Segnaliamo tra l'altro la prima uscita di un map pack dedicato appunto alla
sezione multigiocatore.
Pollice verso, quindi, per questa conversione su Xbox 360, realizzata forse con
troppa superficialità e con l'arrogante convizione che il pad potesse sostituire
in tutto e per tutto i “ferri del mestiere” attorno ai quali si è sviluppato
l'intero concetto di strategia in real time su PC. Soprattutto quando, alla
prova dei fatti, il gameplay proposto è identico a quanto visto su PC (pregi e
difetti annessi), senza nessuna significativa variazione per “andare incontro”

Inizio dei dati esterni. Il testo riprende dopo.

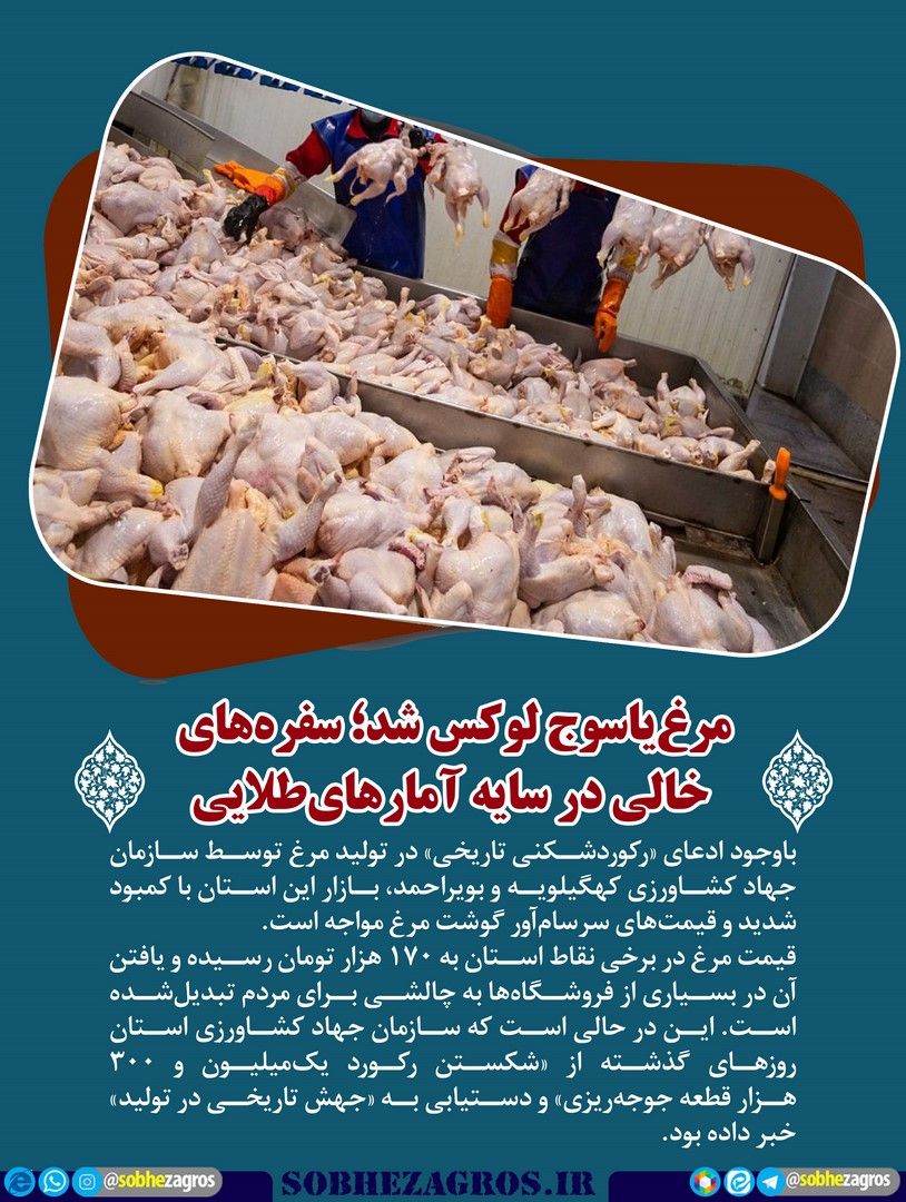 باوجود ادعای «رکوردشکنی تاریخی» در تولید مرغ توسط سازمان جهاد کشاورزی کهگیلویه و بویراحمد، بازار این استان با کمبود شدید و قیمتهای سرسامآور گوشت مرغ مواجه است.(اینجا)
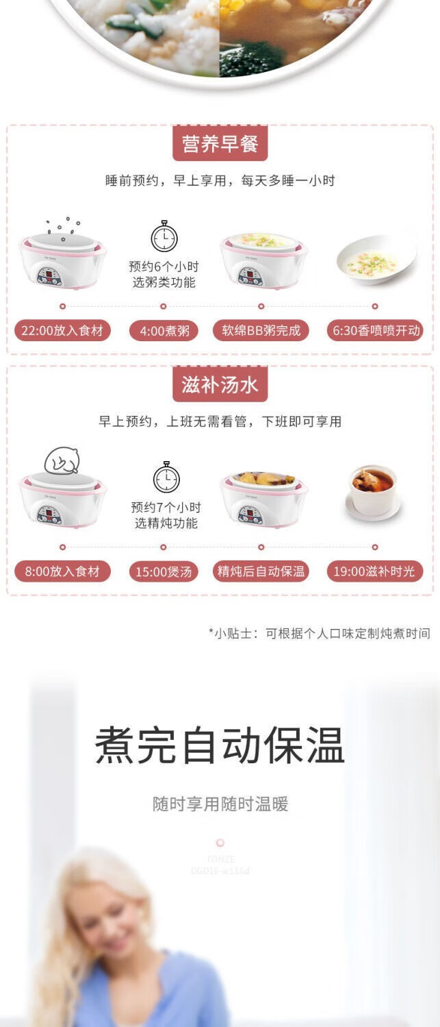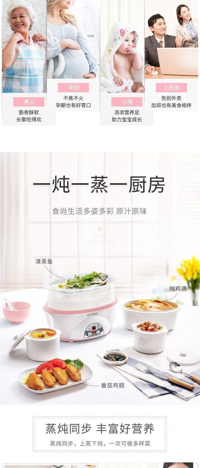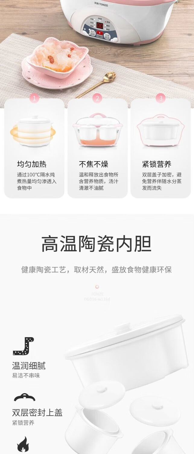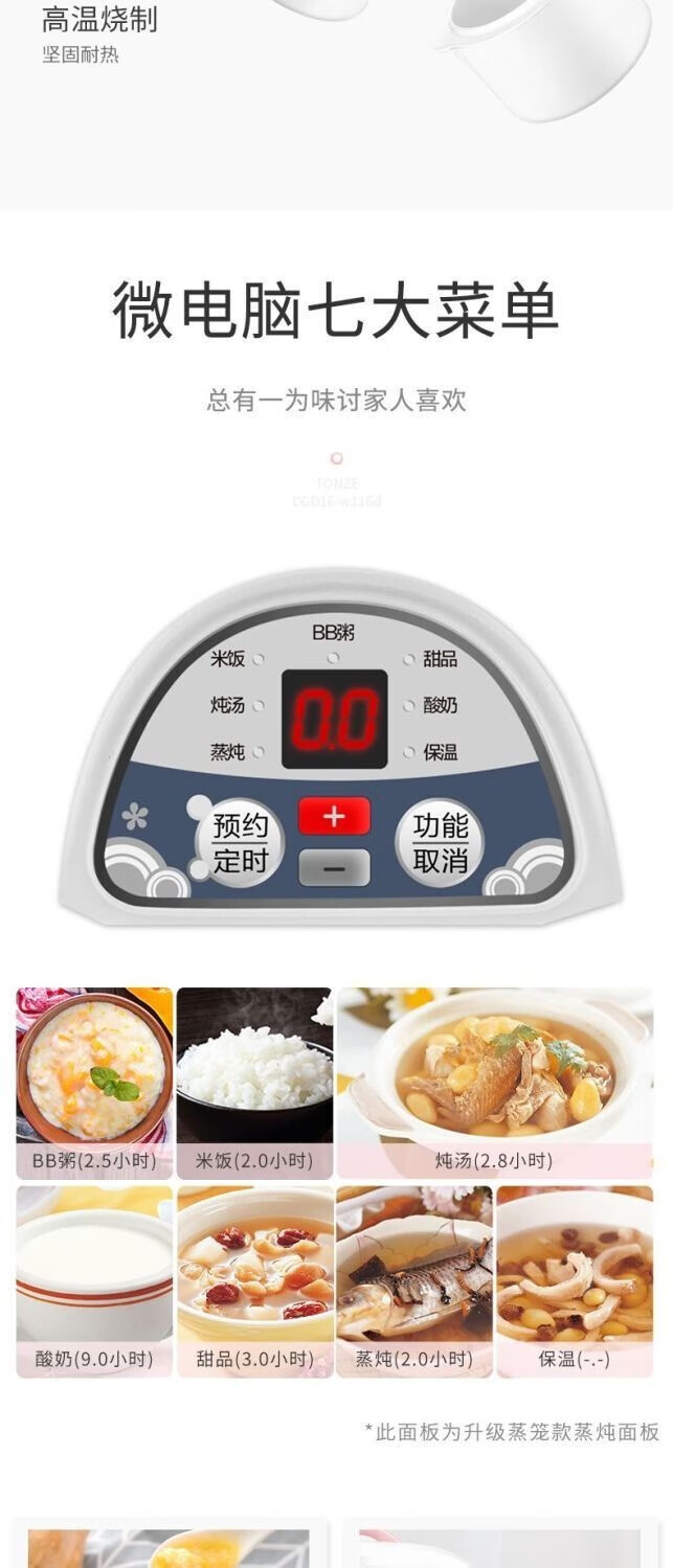 多陶瓷内胆组合;微电脑智能控制, 智能化;隔水柔炖

alla mancanza di tastiera e mouse. A questo punto ci si domanda come mai il
pieno supporto per le periferiche USB sulla Xbox360 non sia stato preso in
considerazione da Electronic Arts, dal momento che si sarebbe quantomeno potuto
dare al giocatore la libertà di scelta sul sistema di controllo da adottare. Che
sia la famosa arroganza made in USA? A voi la risposta.
I nostri Elfi affrontano gli arcieri orchetti. Indovinati chi
avrà la meglio?
L'albero di Mallorn è l'unica fonte di guadagno per gli elfi. Da
difendere a tutti i costi.
Anche le strutture degli orchi sono realizzate con un buon grado
di dettaglio. Peccato però per il frame rate..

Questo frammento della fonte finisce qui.